> WHAT IS REQUIRED:
From the listing below, give again exactly the lines from the line with "Whilst we do" to the line with "Phần chính của", ends included, without any pictures.

> RECORDS SHOWN:
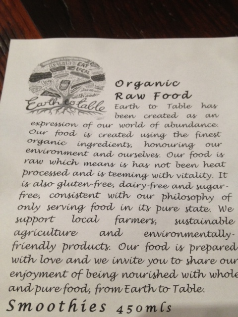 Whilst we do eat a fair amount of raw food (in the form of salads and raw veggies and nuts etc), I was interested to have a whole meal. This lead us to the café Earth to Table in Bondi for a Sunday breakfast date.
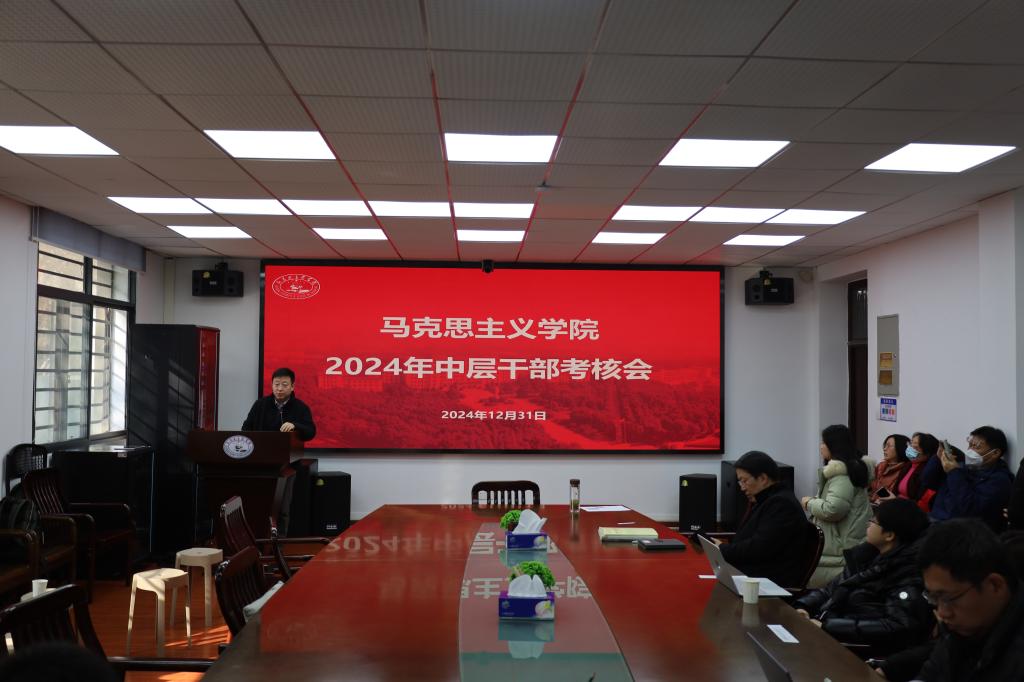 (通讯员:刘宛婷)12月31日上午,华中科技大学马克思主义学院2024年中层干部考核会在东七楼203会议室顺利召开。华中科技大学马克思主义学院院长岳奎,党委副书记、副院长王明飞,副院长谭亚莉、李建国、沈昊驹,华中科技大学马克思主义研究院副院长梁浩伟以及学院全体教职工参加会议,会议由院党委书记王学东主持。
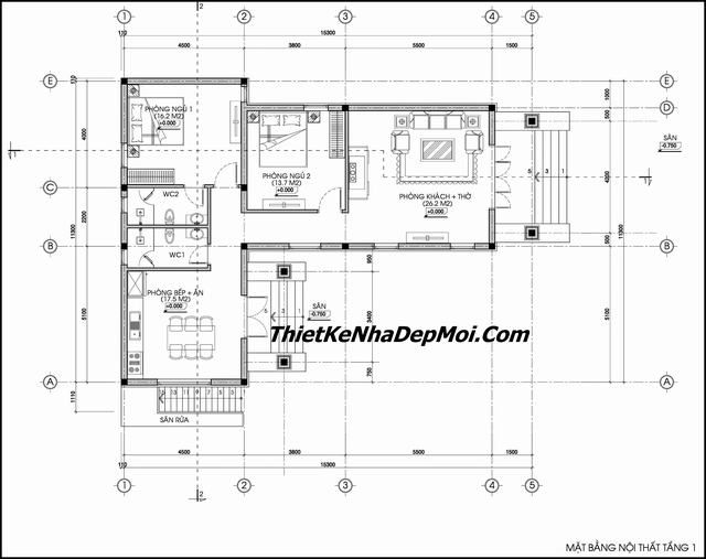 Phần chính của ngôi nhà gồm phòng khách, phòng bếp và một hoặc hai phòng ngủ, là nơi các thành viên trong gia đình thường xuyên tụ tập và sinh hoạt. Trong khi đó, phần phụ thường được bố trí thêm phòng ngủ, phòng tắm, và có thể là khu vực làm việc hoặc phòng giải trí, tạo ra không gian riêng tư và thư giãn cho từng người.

...

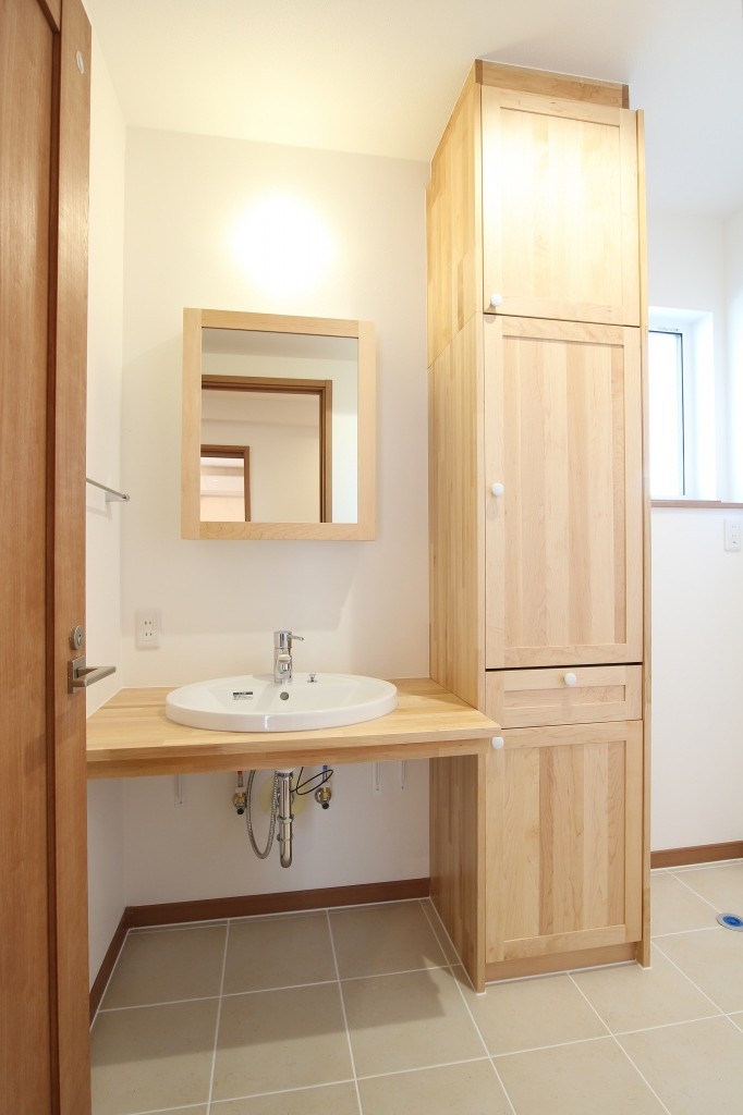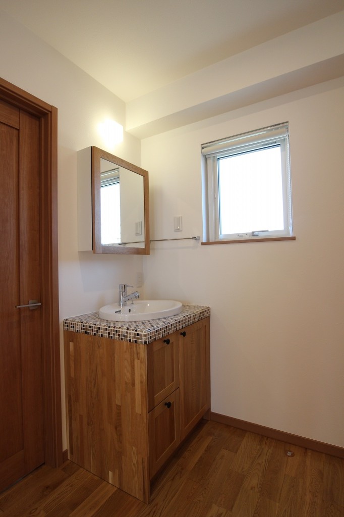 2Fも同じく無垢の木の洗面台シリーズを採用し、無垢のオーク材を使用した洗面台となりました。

--

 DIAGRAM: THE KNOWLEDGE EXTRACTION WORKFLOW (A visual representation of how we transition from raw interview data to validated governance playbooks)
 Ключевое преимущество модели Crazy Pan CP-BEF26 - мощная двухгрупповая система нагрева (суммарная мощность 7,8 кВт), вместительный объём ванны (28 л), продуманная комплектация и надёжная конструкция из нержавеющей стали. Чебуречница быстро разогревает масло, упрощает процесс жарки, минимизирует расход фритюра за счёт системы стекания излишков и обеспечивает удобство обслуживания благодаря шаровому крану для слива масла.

> WRITTEN SOLUTION:
 Whilst we do eat a fair amount of raw food (in the form of salads and raw veggies and nuts etc), I was interested to have a whole meal. This lead us to the café Earth to Table in Bondi for a Sunday breakfast date.
 (通讯员:刘宛婷)12月31日上午,华中科技大学马克思主义学院2024年中层干部考核会在东七楼203会议室顺利召开。华中科技大学马克思主义学院院长岳奎,党委副书记、副院长王明飞,副院长谭亚莉、李建国、沈昊驹,华中科技大学马克思主义研究院副院长梁浩伟以及学院全体教职工参加会议,会议由院党委书记王学东主持。
 Phần chính của ngôi nhà gồm phòng khách, phòng bếp và một hoặc hai phòng ngủ, là nơi các thành viên trong gia đình thường xuyên tụ tập và sinh hoạt. Trong khi đó, phần phụ thường được bố trí thêm phòng ngủ, phòng tắm, và có thể là khu vực làm việc hoặc phòng giải trí, tạo ra không gian riêng tư và thư giãn cho từng người.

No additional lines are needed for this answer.